The Connecticut estate tax exclusion remains at $2 million. Thus, if an estate is worth less than that amount, no Connecticut estate tax will be due. Depending on the amount above the Connecticut estate tax exclusion, the estate tax rate ranges from 7% to 12%. Each spouse has his or her own estate tax exemption. Unlike the federal estate tax, however, there is no portability in Connecticut. The only way for a couple to use their entire $4 million estate tax exclusion is by having an estate tax saving trust.

Gift Tax Exclusion

The annual federal gift tax exclusion remains at $14,000 for 2016. If a person makes gifts of $14,000 each to 4 different individuals, none of the gifts are considered taxable, and none of them have to be reported on the Federal Gift Tax Return Form 709. In 2016, a taxpayer can split gifts with his or her spouse so that $28,000 can be given to each donee. A taxpayer, however, must report split gifts on Form 709. The annual exclusion for gifts to non-citizen spouses is not the same as the annual exclusion for gifts to U.S. citizen spouses. That is because gifts to non-citizen spouses can be subject to federal gift tax. Gifts to citizen spouses are not subject to gift tax because of the unlimited gift tax marital deduction. The annual exclusion for gifts to non-citizen spouses in 2016 is $148,000.
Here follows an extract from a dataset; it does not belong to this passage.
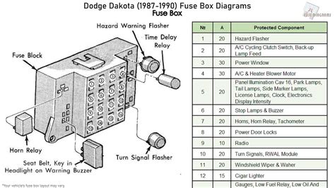 That one is located on the drivers side end of the dashboard. The lights and the cigarette lighter are out. 1990 dodge van b350 wiring diagram. Need location of fuel pump relay. Fuse box diagram (fuse layout), location and assignment of fuses dodge dakota (1987, 1988, 1989, 1990).

Besides the annual exclusion, each taxpayer also has a lifetime gift tax exclusion. In 2016, the lifetime gift tax exclusion is $5,450,000. Thus, by applying some of your lifetime gift tax exclusion, a gift with a value in excess of the $14,000 annual exclusion will result in no gift tax owed, but you must file a Form 709 with the IRS. When you die, your estate tax exclusion will be reduced by the amount of the gift over the annual exclusion. The lifetime gift tax exclusion is the same for U.S. resident non-citizens and U.S. citizens.

The federal gift tax rate is 40% for the amount above the lifetime gift tax exclusion.
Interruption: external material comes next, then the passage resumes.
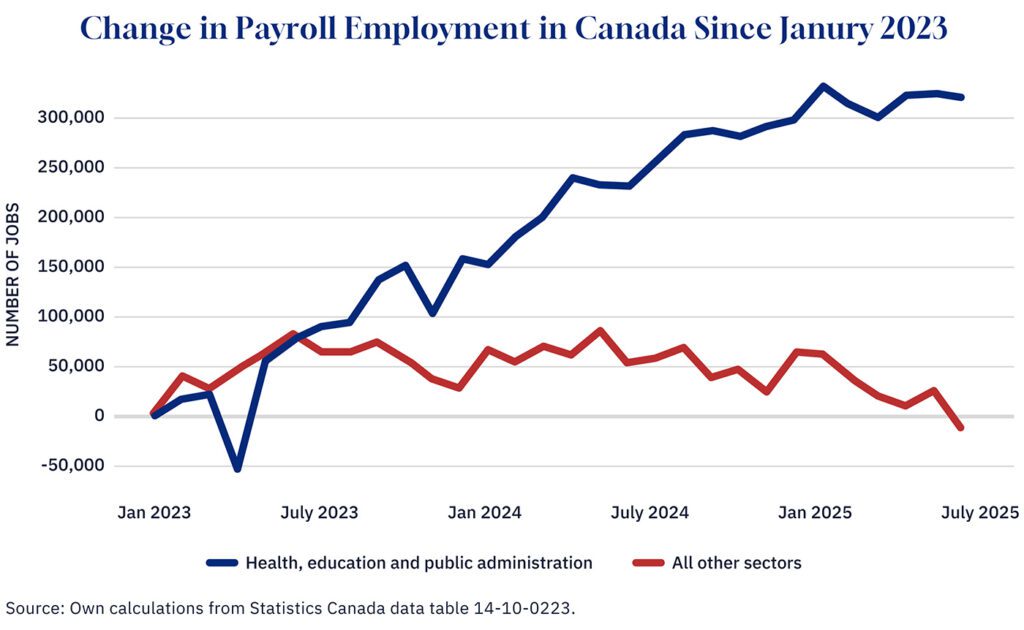 Even among sectors that are growing, the gains are narrowly concentrated. Over the past two and a half years, all net job growth has come from health care, education, and public administration. These sectors have added over 300,000 jobs. But outside of them, jobs are down 75,000 this year alone.

Although Connecticut uses the annual federal gift tax exclusions for its own annual gift tax exclusion, Connecticut has a different lifetime gift tax exclusion: $2 million for 2016. You have to file a Connecticut gift tax return if you make any taxable gifts. For example, if you are not married and you give $50,000 to each of your 2 children, you will have to file a Connecticut gift tax return even though no gift tax is payable.

 

Federal and Connecticut gift tax returns are due by April 15th of the year following the gift.